Formation Morija : des résultats rapides

Dès la première saison, j’ai voulu mettre ces conseils en pratique. Sur cette fameuse parcelle que tout le monde jugeait perdue, j’ai appliqué les techniques apprises.

À la récolte, j’ai obtenu près de 300 kilos de maïs sur un quart d’hectare. Pour moi, c’était une immense victoire ! Tout le village était étonné : beaucoup sont venus voir de leurs propres yeux que cette terre pouvait à nouveau produire.

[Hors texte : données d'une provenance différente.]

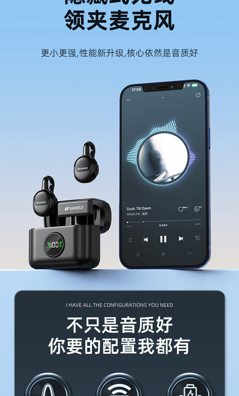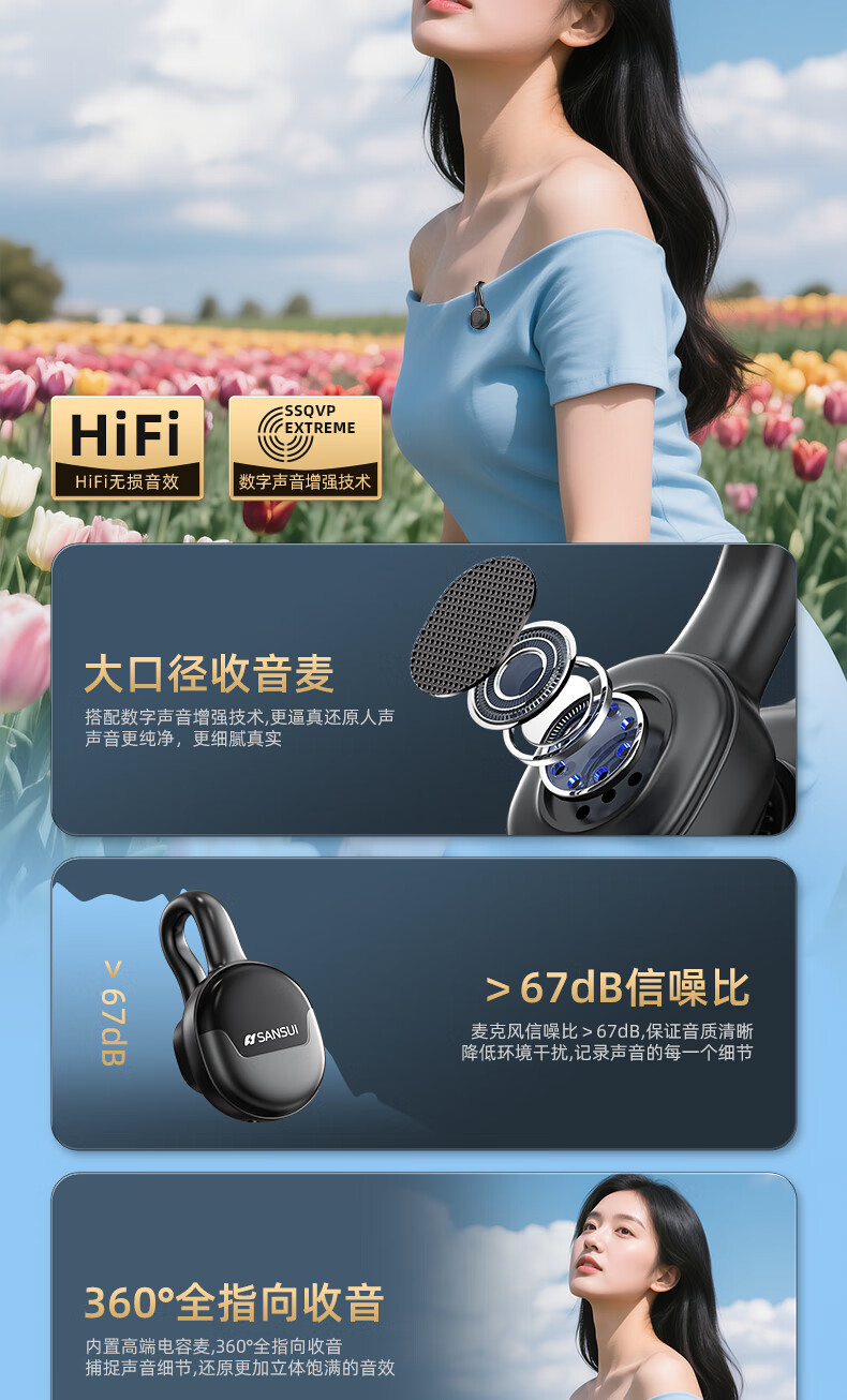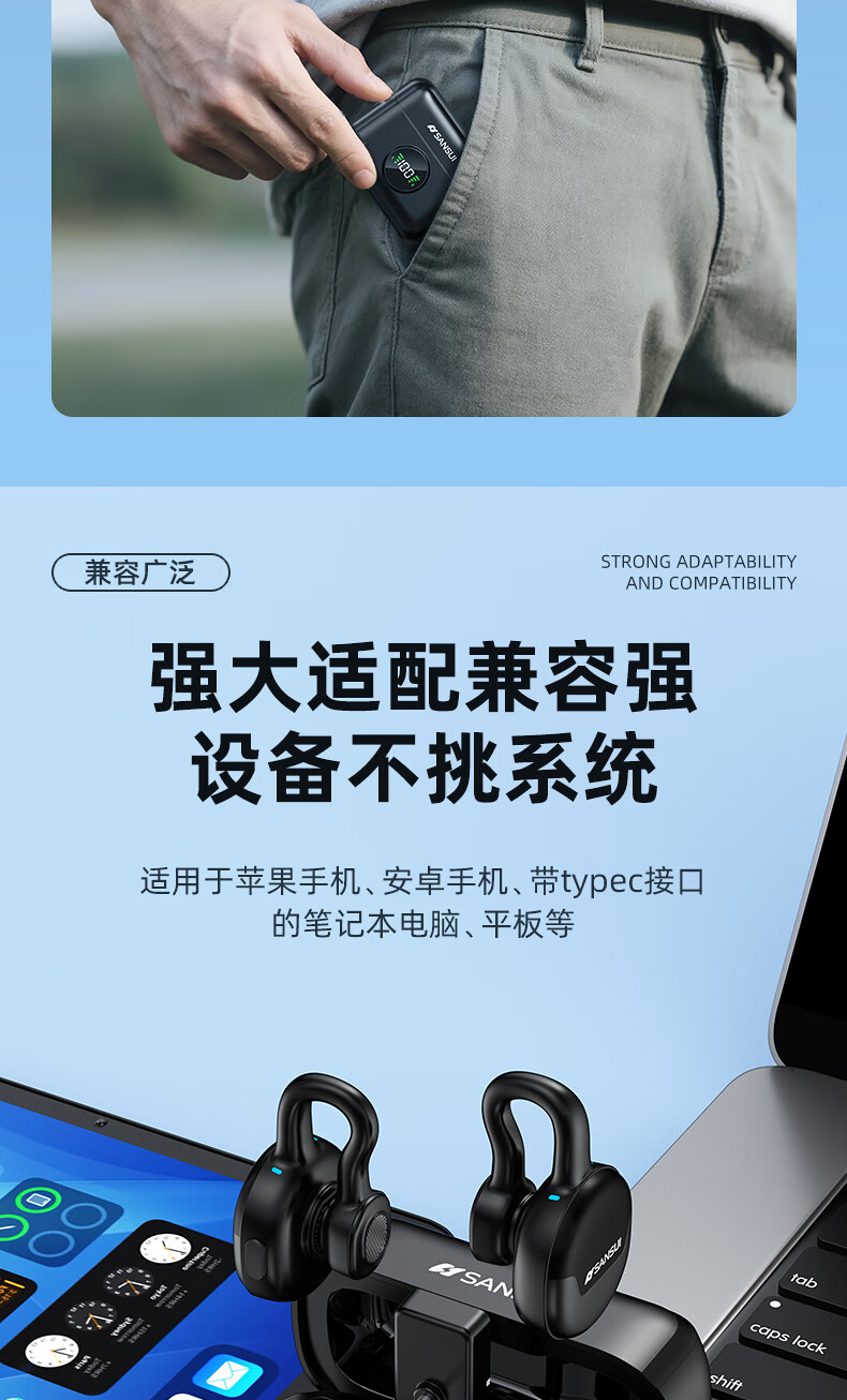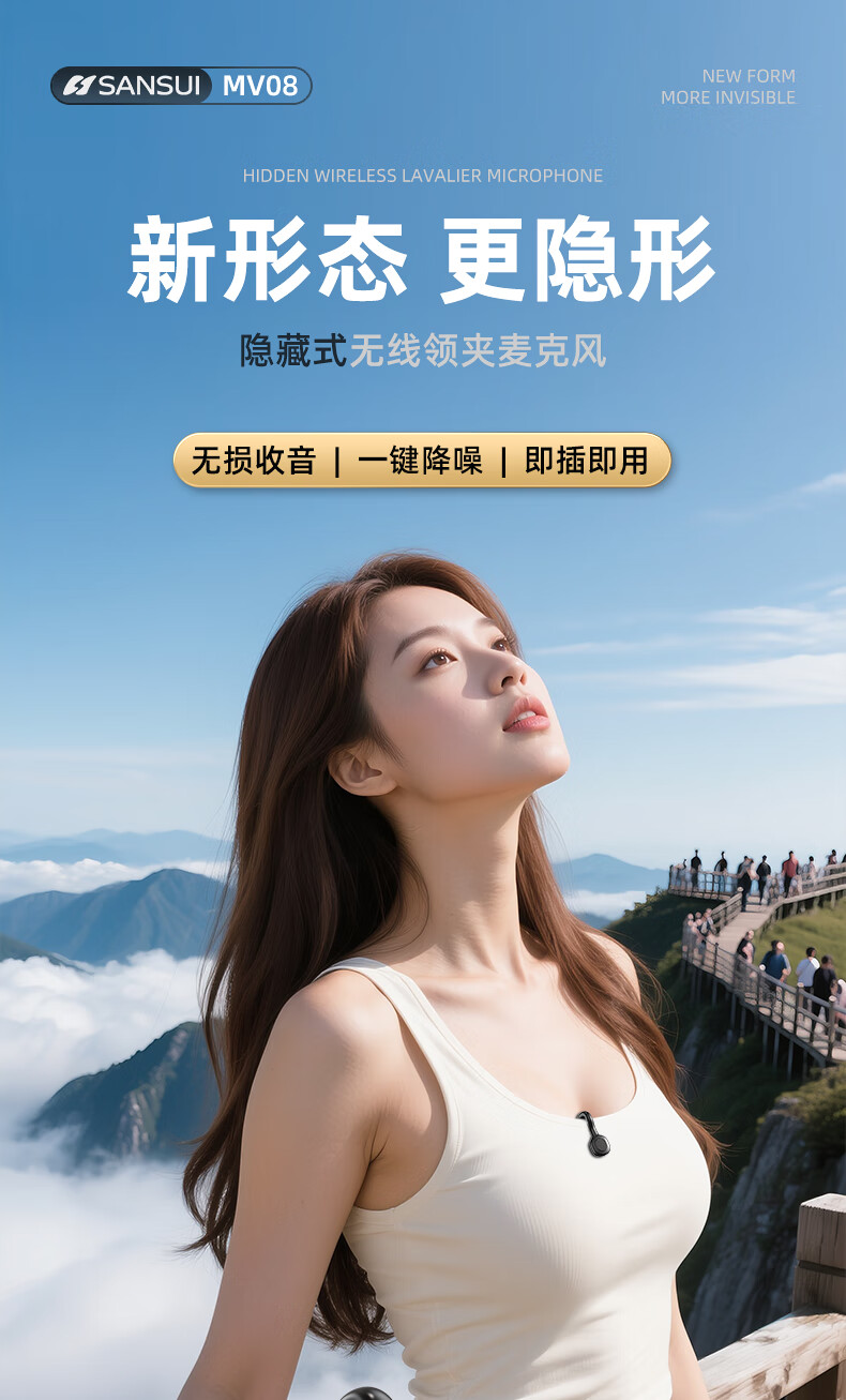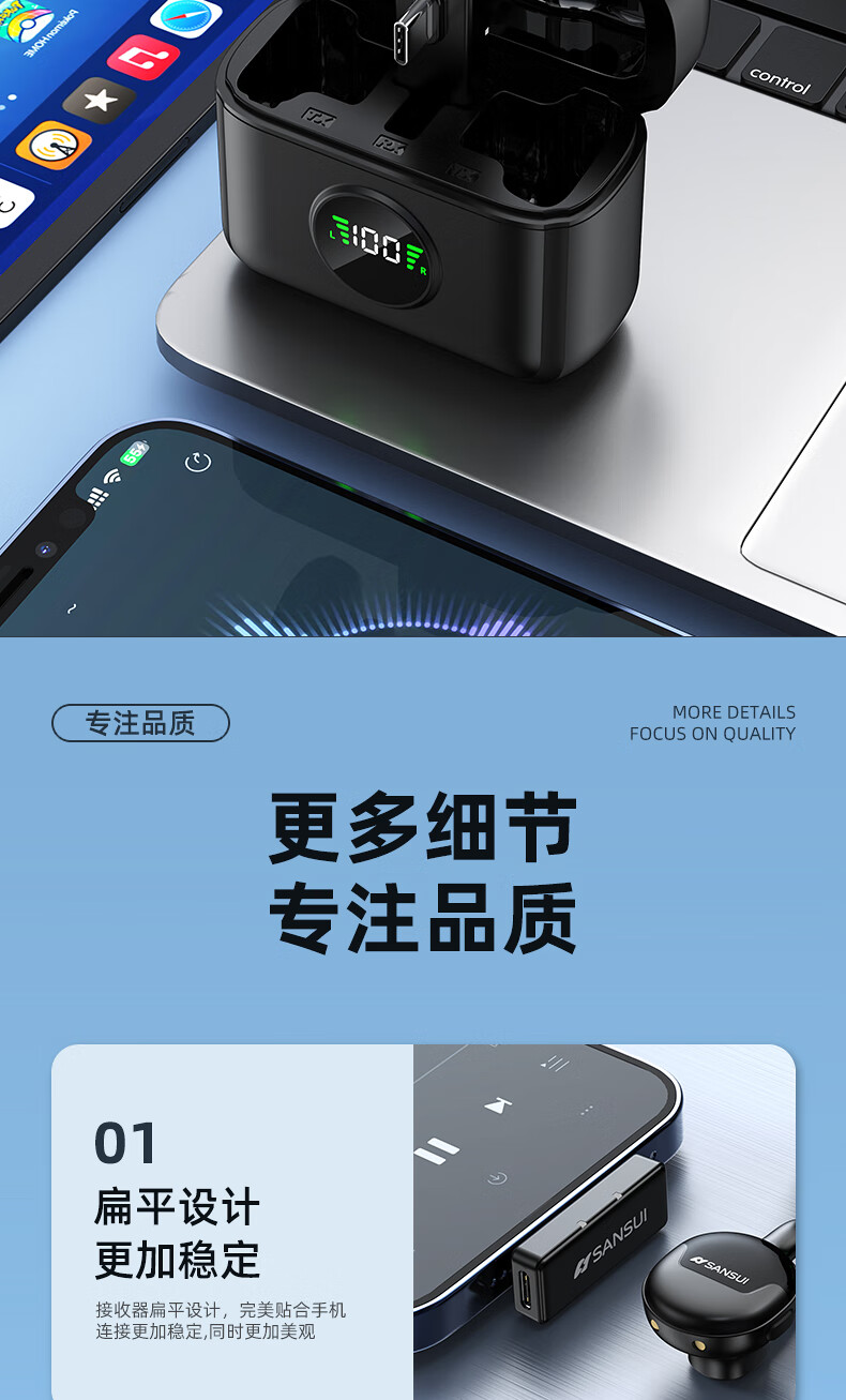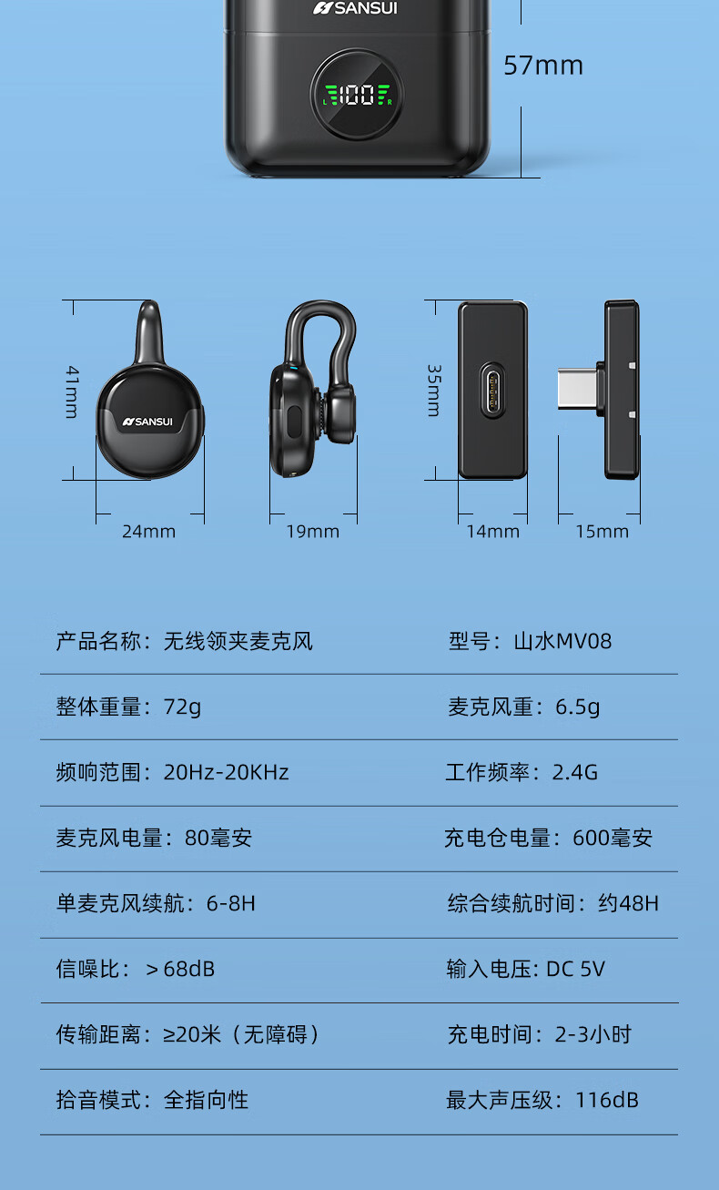 SANSUI MV08 Wireless Lavalier Microphone for Live Singing, Noise Reduction, Card for Sound Modification, Douyin Short Video, Mobile Phone Camera Recording Equipment, Full Set of Radio Microphone, One to Two with Charging Compartment Version, High Definition Radio + Intelligent Noise Reduction, Special for Android Type-C

Le plus grand changement n’a pas été seulement dans mes champs. Il a aussi été dans ma tête. Je croyais qu’il était impossible d’obtenir une bonne récolte sans engrais chimiques. Aujourd’hui, je sais que d’autres pratiques sont possibles.

Nouvelles perspectives

Cette année, ma famille a suffisamment à manger jusqu’à la prochaine récolte. C’est un soulagement.

Grâce au projet, ma femme s’est aussi lancée dans le jardinage. Cela lui permet de couvrir certains besoins de la famille. J’ai même eu la joie de devenir animateur aux côtés de Morija, et je peux à mon tour encourager d’autres familles à essayer ces méthodes.

Si j’ai un souhait, c’est que cette méthode puisse se répandre dans toute la commune. Beaucoup de familles travaillent dur sans parvenir à vivre de leurs récoltes. Moi, j’ai découvert qu’il était possible de faire autrement. J’aimerais que d’autres retrouvent, eux aussi, cette confiance en l’avenir.